Integrating Deep Learning and Satellite Imagery for Biodiversity Assessment

by Yanfei Shan

The Environmentally-Extended Multiregional Input-Output (EE-MRIO) database is a mainstream tool for effectively modeling global supply chains and their environmental impacts. It can scientifically address complex questions such as: “How much biodiversity loss is caused by land conversion in Brazil due to beef demand in Germany?” or “How much global water stress may result from crop cultivation?” However, these datasets face intrinsic limitations, such as restricted spatial resolution, data discontinuity, data quality deficiencies in the Global South, and outdated temporal trends. In contrast, satellite data offers a promising solution to these challenges, with its extensive spatio-temporal coverage and continuous monitoring capabilities.

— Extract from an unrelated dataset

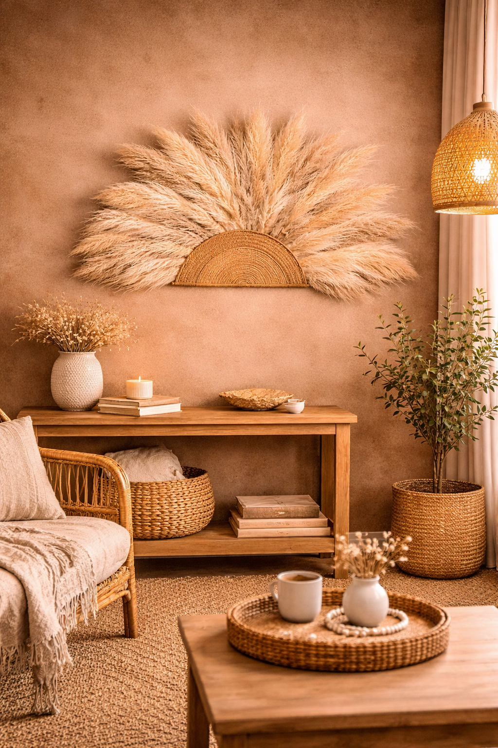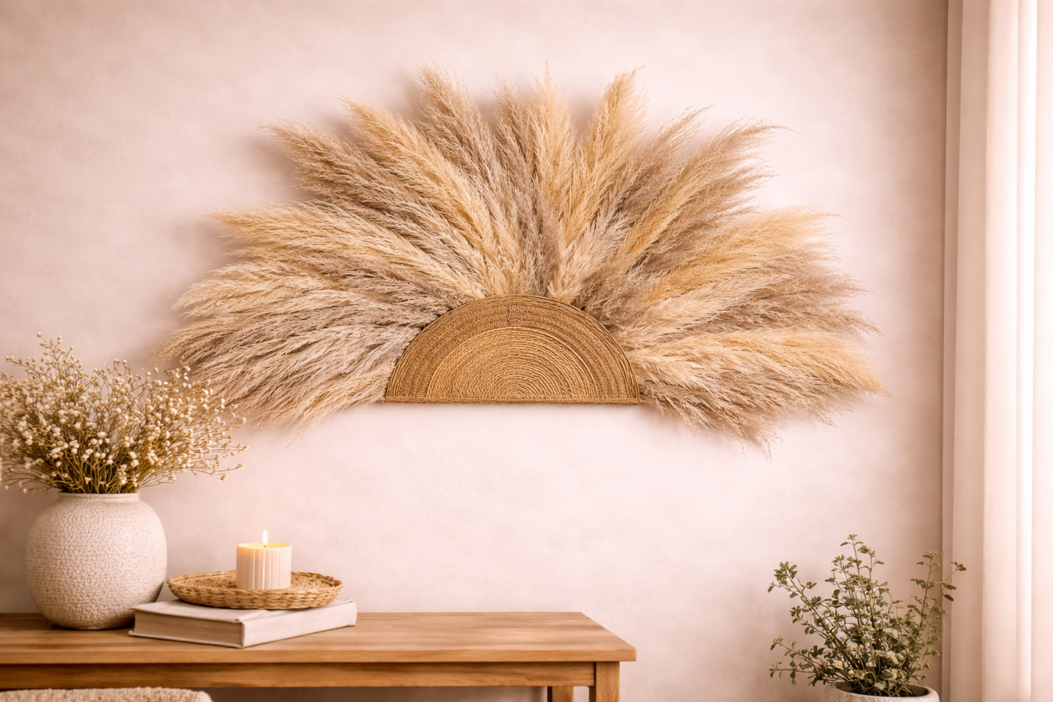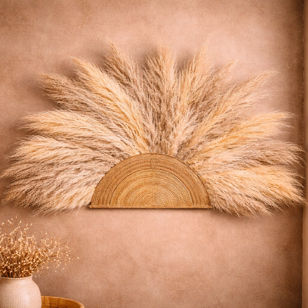 Este diseño artesanal combina una base tejida en fibras naturales con la suavidad orgánica de las plumas de pampas, creando una composición visual envolvente y sofisticada.

Motivated by these challenges and research gaps, my PhD research focuses on improving data reliability and accuracy in assessing the sustainability of global agricultural systems by integrating remote sensing, climate data, and multi-regional input-output (MRIO) models. I am developing machine learning and multimodal deep learning approaches to quantify global agricultural water stress at high temporal and spatial resolutions. In parallel, I am exploring foundational methods to integrate large language models (LLMs) with EE-MRIO analysis, aiming to enable novel AI-driven insights in sustainability science.